2025-04-10T01:21:09Z D! [agent] Successfully connected to outputs.remotefile
2025-04-10T01:21:09Z D! [agent] Attempting connection to [outputs.file]
2025-04-10T01:21:09Z D! [agent] Successfully connected to outputs.file
2025-04-10T01:21:09Z D! [agent] Attempting connection to [outputs.health]
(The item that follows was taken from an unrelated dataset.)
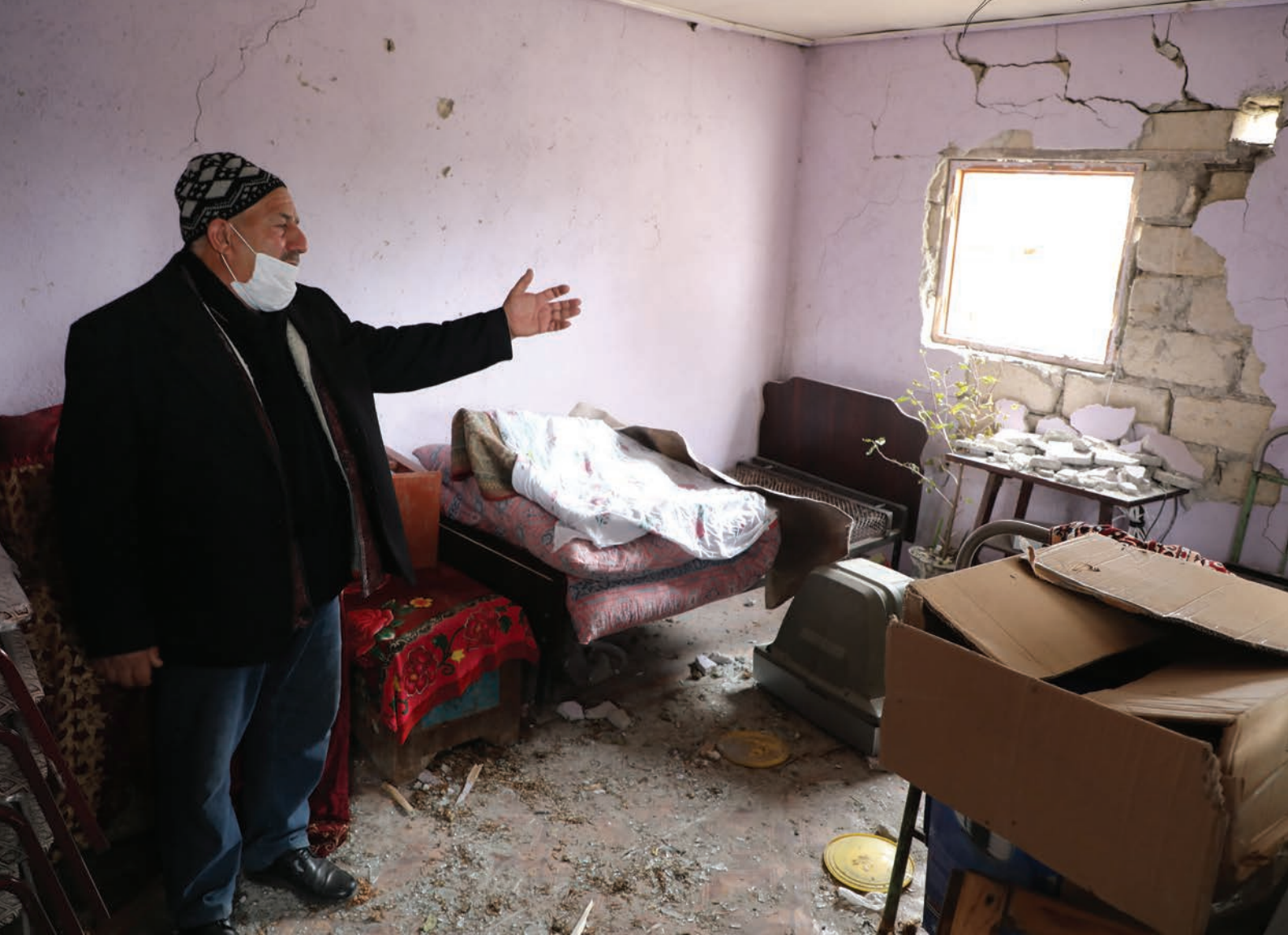
Un desplazado interno azerbaiyano de 66 años fue desplazado del asentamiento de Banovshalar en el distrito de Agdam, cerca del territorio en disputa de Nagorno-Karabaj (2020).

2025-04-10T01:21:09Z I! [outputs.health] Listening on http://[::]:8888
2025-04-10T01:21:09Z D! [agent] Successfully connected to outputs.health
2025-04-10T01:21:09Z D! [agent] Starting service inputs
2025-04-10T01:21:09Z I! [inputs.netflow] Listening on udp://[::]:2055
...
{"fields":{"observation_domain_id":67108864,"sampling_packet_interval":1,"sampling_packet_space":0,"selector_algo":"systematic count-based sampling"},"name":"netflow_options","tags":{"source":"10.199.65.39","version":"IPFIX"},"timestamp":1744248238}
{"fields":{"dst":"::","flow_end_ms":1744248238133,"flow_label":"0x00000000","flow_start_ms":1744248238133,"icmp_code":1,"icmp_type":0,"in_bytes":3,"in_dst_mac":"f3:ad:60:f5:ab:da","in_packets":2,"in_phy_interface":2165659240,"in_src_mac":"e5:58:fb:49:63:31","ip_version":"IPv4","ipv6_extensions":"0x00000000","ipv6_next_header":0,"out_phy_interface":579231806,"out_vlan_customer_id":0,"out_vlan_id":0,"protocol":"udp","src":"::","src_port":2601,"src_tos":"0x00","tcp_flags":"........","vlan_customer_id":2210,"vlan_id":3592},"name":"netflow","tags":{"source":"10.199.65.39","version":"IPFIX"},"timestamp":1744248238}
2025-04-10T01:23:59Z D! [outputs.file] Wrote batch of 20 metrics in 608.192µs
2025-04-10T01:23:59Z D! [outputs.file] Buffer fullness: 0 / 10000 metrics
2025-04-10T01:23:59Z D! [outputs.remotefile] Wrote batch of 20 metrics in 2.826698ms
2025-04-10T01:23:59Z D! [outputs.remotefile] Buffer fullness: 0 / 10000 metrics
As you can see it outputs to file, and also remotefile, but in S3 there is nothing present. No errors.. Once I disable SSE-KMS and switch to SSE-S3, then the remotefile starts writing to S3 straight away which confirms to me that when I am using the rclone config without KMS settings, the remotefile can still connect but cannot actually write files to the S3 bucket. But if I try to add the KMS settings, Telegraf never connects and constantly crashes.